The backend (directory, ZIP, or HTTP) is selected from the path prefix / file-name suffix. The ZIP backend is append-only: properties cannot be deleted and axes cannot be reordered (attempts to do so raise an error).
If you create a directory whose name is
something.dafs.zarr.zip#
and place
Daf
ZIP archives in it, this scheme will fail. So don't.

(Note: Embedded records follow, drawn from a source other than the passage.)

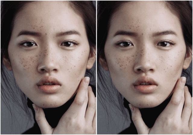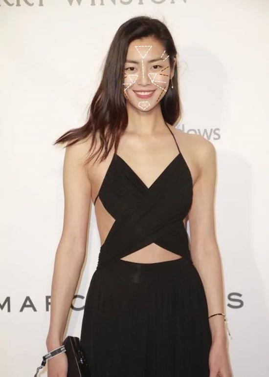 编辑用刘雯的图来举个栗子:在颧骨外凸脸型上的修饰,
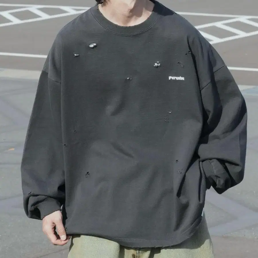 Perushu 자수 로고 데미지 긴팔 T셔츠
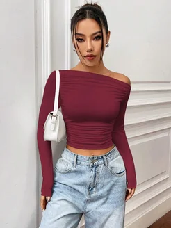 Кроп-топ с длинными рукавами трикотажный тонкий
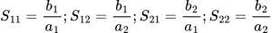 Wewnętrzna odpowiedź sieci może być następnie wyrażona przez grupowanie parametrów S razem w macierz rozpraszania (macierz S), która wiąże złożone wielkości fal na wszystkich portach analizowanego układu. Dla sieci dwuportowej niezrównoważonej relacja bodziec–odpowiedź przyjmie postać, jaką pokazano w równaniu 2.
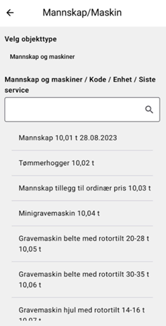 Om det hos deg kommer opp en database på mannskap og en på maskin må du velge om du skal se mannskap eller maskin.
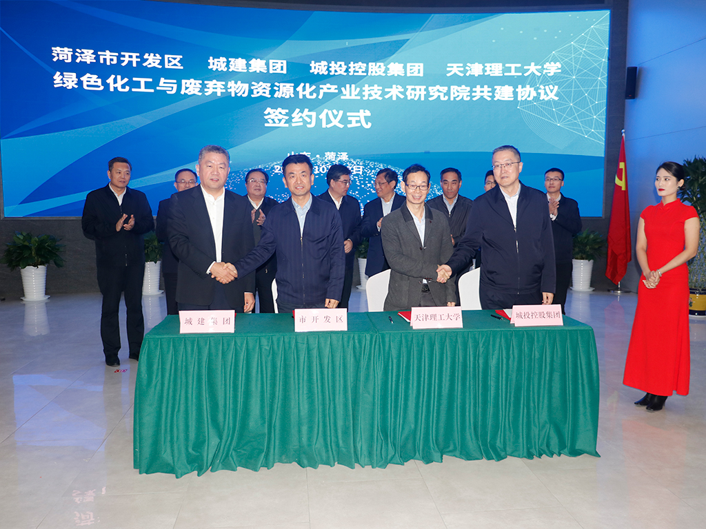 签约仪式上,副校长陈胜勇与菏泽市政府副秘书长刘培廷共同签署校地合作战略协议,与菏泽经济开发区党工委委员、党群工作部主任孔鲁民,菏泽城建集团党委书记、董事长晋卫兵,菏泽城投控股集团党委书记、董事长韩冬共同签署米兰milan官方网站绿色化工与废弃物资源化产业技术研究院共建协议。刘东志与聂元科共同为米兰milan官方网站(菏泽)产业技术研究院揭牌。

When opening an existing data set, if
name
is not specified, and there exists a "name" scalar property, it is used as the name. Otherwise, the
path
(including any
#/group
suffix) will be used as the name.
The valid
mode
values are as follows (the default mode is
r
):
| Mode | Allow modifications? | Create if does not exist? | Truncate if exists? | Returned type |
|---|---|---|---|---|
r
|
No | No | No |
DafReadOnly
|
r+
|
Yes | No | No |
ZarrDaf
|
w+
|
Yes | Yes | No |
ZarrDaf
|
w
|
Yes | Yes | Yes |
ZarrDaf
|
Truncating a sub-daf inside a ZIP archive is not supported (because the ZIP backend is append-only) and raises an error; use
r+
or
w+
to open a sub-daf for writing without truncation.
When several
ZarrDaf
instances in the same process share a ZIP archive path (typically different
#/group
sub-dafs of the same
.dafs.zarr.zip
file, or repeated opens of the same single-daf
.daf.zarr.zip
), they share a single underlying
MmapZipStore
and a single
data_lock
, so that concurrent calls serialize correctly and the archive is never mmap-ed twice. The first such open determines the store's writability: a later open of the same archive that requests write access will raise an error if the first open was read-only. Release the read-only handle first, or open the writable instance first. The directory backend does not share a store — each open creates its own independent
DirectoryStore
over the same filesystem tree.
DataAxesFormats.ZarrFormat.DAF_ZARR_ZIP_MAX_FILE_SIZE
—
Constant
The virtual address reservation size used for writable
MmapZipStore
opens of a
ZarrDaf
(modes
r+
,
w+
,
w
). Each such open reserves this much virtual address space via a single anonymous
PROT_NONE
mapping and overlays the real file onto its first
filesize
bytes; subsequent
ftruncate
+ re-overlay calls extend the accessible portion as the archive grows. The physical file stays at its real size — only VA is reserved. Defaults to 128 GiB, leaving plenty of room for concurrent live stores on platforms with ~128 TiB of user VA (Apple Silicon). Set to a larger value before opening a
ZarrDaf
whose ZIP archive might grow past this bound. An append that would cross the bound fails with an explicit error pointing back here.